Static data desensitization (SDM): the method is generally used in a non-production environment, sensitive data are extracted from the production environment and desensitized and then are used in the non-production environment, and the method is commonly used for databases of non-production systems such as training, analysis, testing, development and the like. The static desensitization output content comprises desensitized files, tables, stock and the like. The standby library service can be used in a business environment with non-real-time task requirements, such as a hospital number calling system.
Dynamic Data Desensitization (DDM): the method is usually used in a production environment, desensitization is carried out immediately when sensitive data is accessed, and the method is generally used for solving the problem that desensitization of different levels is carried out when the same sensitive data needs to be read according to different conditions in the production environment.
The existing dynamic desensitization technology comprises a scheme of rewriting SQL statement dynamic desensitization, and the principle is as follows: when an application program, a maintenance tool and a development tool request to pass dynamic Data Desensitization (DDM), the requested SQL statements are screened in real time, and the SQL statements are rewritten to shield sensitive data according to user roles, authority and other desensitization rules. The SQL-modifying statement dynamic desensitization system is logically and serially deployed, can be physically and serially deployed, and can also be deployed in a bypass manner through reverse proxy, route drainage and the like.
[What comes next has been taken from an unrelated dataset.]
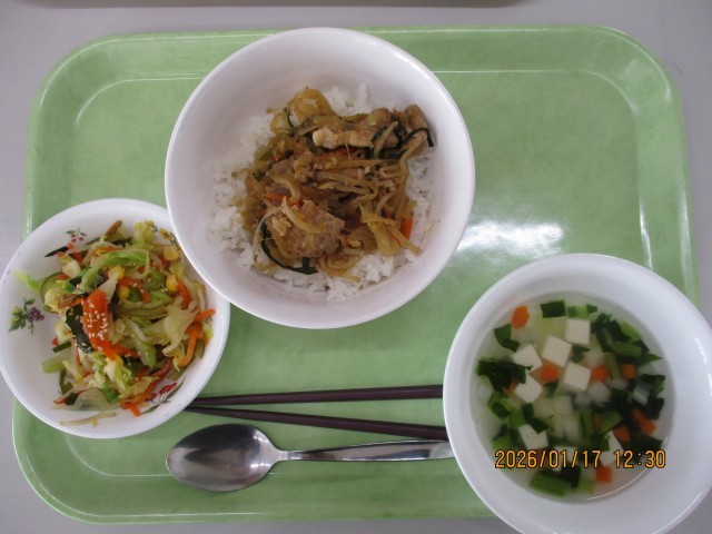 プルコギ丼、牛乳、海藻サラダ、豆腐のスープ

The original application system is directly connected with the database, in order to realize data desensitization processing, an SQL data connection request of the application system is forwarded to a desensitization agent system, an SQL statement is forwarded to a database server after the request is analyzed and modified by a dynamic desensitization system, and data returned by the database server is returned to the application server by the desensitization system after passing through the dynamic desensitization system. FIG. 1 is a schematic diagram of dynamic desensitization of adapted SQL statements. In the desensitization mode, when the SQL statement is rewritten, the length of the SQL statement is changed, so that the prior database protocol and the prior transmission protocol cannot be adapted, corresponding changes are required, the rewriting difficulty is high, and the application is limited.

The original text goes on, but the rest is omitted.